**Material shown:**
::::
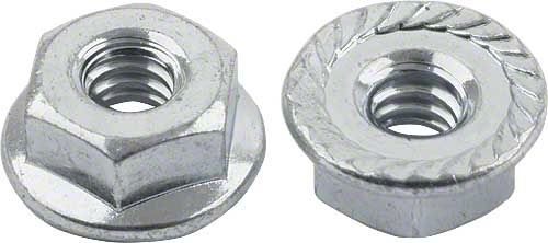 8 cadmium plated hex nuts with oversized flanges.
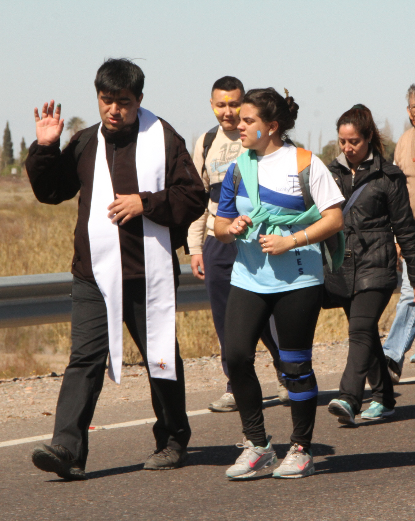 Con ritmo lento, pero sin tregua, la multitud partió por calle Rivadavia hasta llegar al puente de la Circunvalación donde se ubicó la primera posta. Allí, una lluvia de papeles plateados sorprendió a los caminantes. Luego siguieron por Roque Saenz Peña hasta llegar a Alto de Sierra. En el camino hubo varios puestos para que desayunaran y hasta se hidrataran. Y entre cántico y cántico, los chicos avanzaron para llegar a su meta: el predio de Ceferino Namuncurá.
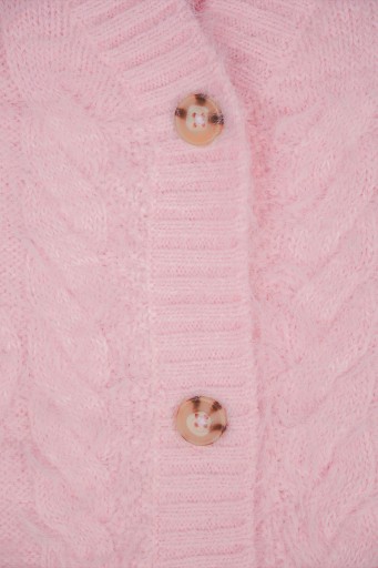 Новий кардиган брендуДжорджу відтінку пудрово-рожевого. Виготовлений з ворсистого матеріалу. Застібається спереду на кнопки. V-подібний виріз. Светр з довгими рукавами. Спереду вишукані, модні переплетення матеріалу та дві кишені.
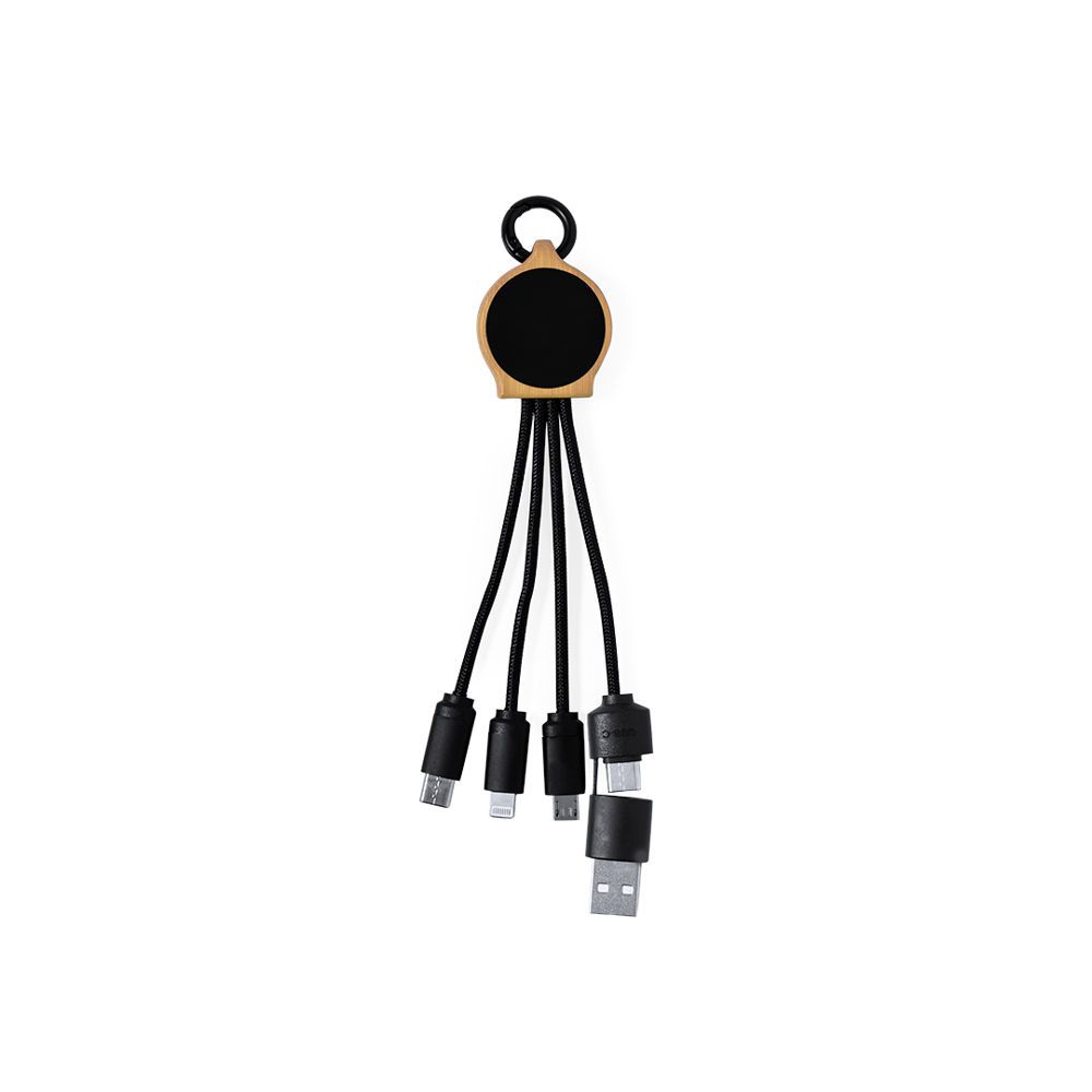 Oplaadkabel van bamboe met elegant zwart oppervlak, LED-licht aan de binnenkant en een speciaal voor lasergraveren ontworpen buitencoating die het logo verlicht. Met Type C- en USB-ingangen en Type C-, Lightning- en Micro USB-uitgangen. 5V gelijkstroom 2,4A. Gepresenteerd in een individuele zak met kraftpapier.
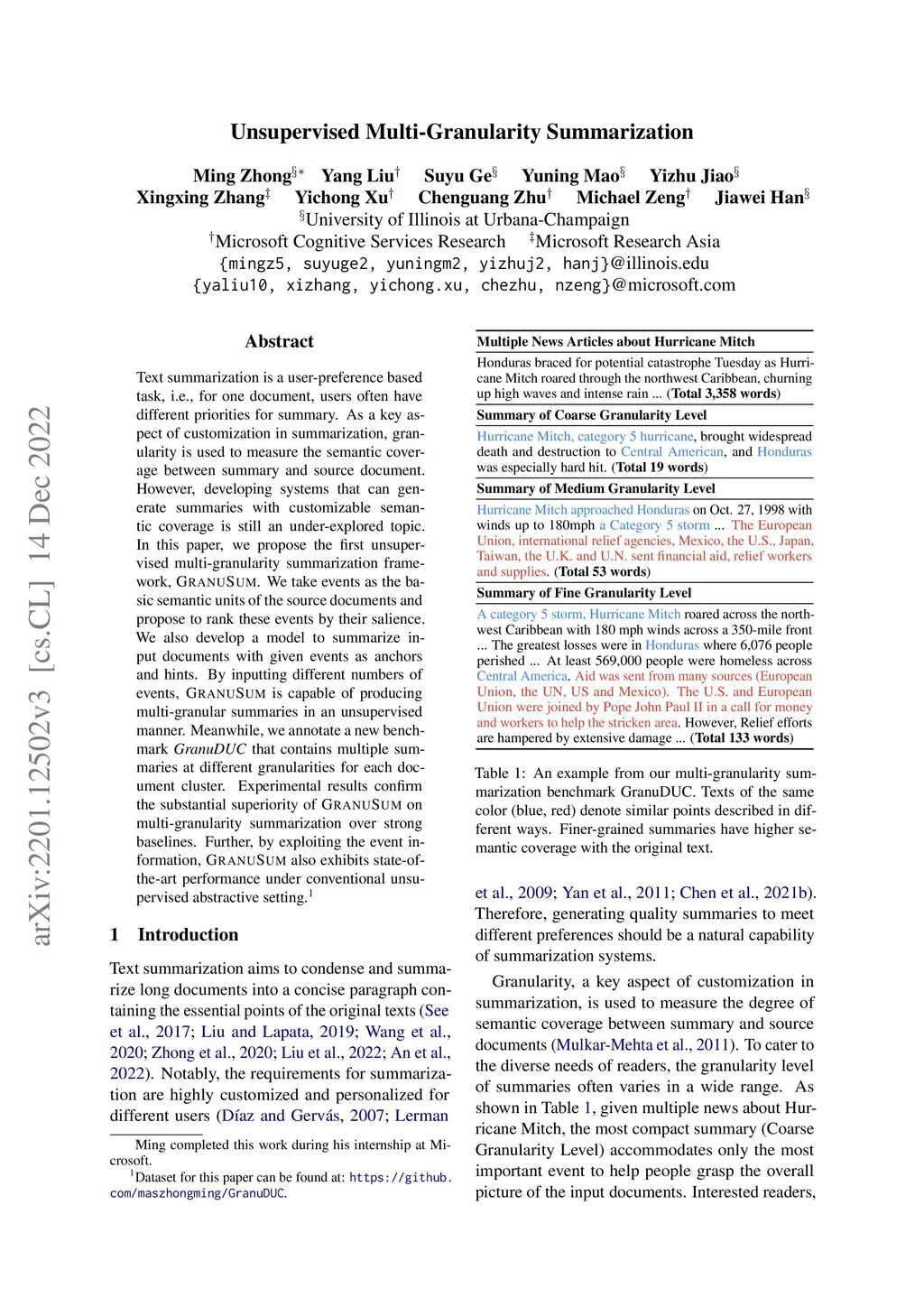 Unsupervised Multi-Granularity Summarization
::::
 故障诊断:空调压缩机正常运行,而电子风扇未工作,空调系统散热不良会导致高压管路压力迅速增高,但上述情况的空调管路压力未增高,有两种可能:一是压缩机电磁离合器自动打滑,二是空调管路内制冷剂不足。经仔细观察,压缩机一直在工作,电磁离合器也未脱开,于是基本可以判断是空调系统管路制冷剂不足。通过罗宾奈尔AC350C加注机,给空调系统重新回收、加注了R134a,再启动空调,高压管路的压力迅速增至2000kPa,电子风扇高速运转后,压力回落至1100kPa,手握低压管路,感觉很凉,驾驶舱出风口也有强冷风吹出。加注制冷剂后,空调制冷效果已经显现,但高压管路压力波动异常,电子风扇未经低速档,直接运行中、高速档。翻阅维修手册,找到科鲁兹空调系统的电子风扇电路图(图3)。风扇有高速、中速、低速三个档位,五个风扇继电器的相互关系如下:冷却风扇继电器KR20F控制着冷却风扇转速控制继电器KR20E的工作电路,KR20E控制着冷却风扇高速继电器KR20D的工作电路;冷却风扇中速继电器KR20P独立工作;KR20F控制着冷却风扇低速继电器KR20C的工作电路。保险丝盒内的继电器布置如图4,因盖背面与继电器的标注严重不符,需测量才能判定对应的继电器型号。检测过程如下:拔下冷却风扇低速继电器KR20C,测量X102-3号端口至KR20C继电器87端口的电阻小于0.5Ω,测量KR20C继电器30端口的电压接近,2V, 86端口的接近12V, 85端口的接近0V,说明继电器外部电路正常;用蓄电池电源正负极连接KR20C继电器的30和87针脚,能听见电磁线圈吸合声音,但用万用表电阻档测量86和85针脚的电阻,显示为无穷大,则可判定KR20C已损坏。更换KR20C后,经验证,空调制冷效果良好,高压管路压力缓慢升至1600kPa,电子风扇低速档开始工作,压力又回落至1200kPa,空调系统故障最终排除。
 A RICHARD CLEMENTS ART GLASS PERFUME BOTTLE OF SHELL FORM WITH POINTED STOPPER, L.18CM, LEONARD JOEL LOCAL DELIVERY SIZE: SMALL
::::
**Problem requirements:**
Copy the listing above exactly, but only from the line with "Oplaadkabel van bamboe" through the line with "Unsupervised Multi-Granularity Summarization", including those two lines and excluding any picture.

**Written solution:**
 Oplaadkabel van bamboe met elegant zwart oppervlak, LED-licht aan de binnenkant en een speciaal voor lasergraveren ontworpen buitencoating die het logo verlicht. Met Type C- en USB-ingangen en Type C-, Lightning- en Micro USB-uitgangen. 5V gelijkstroom 2,4A. Gepresenteerd in een individuele zak met kraftpapier.
 Unsupervised Multi-Granularity Summarization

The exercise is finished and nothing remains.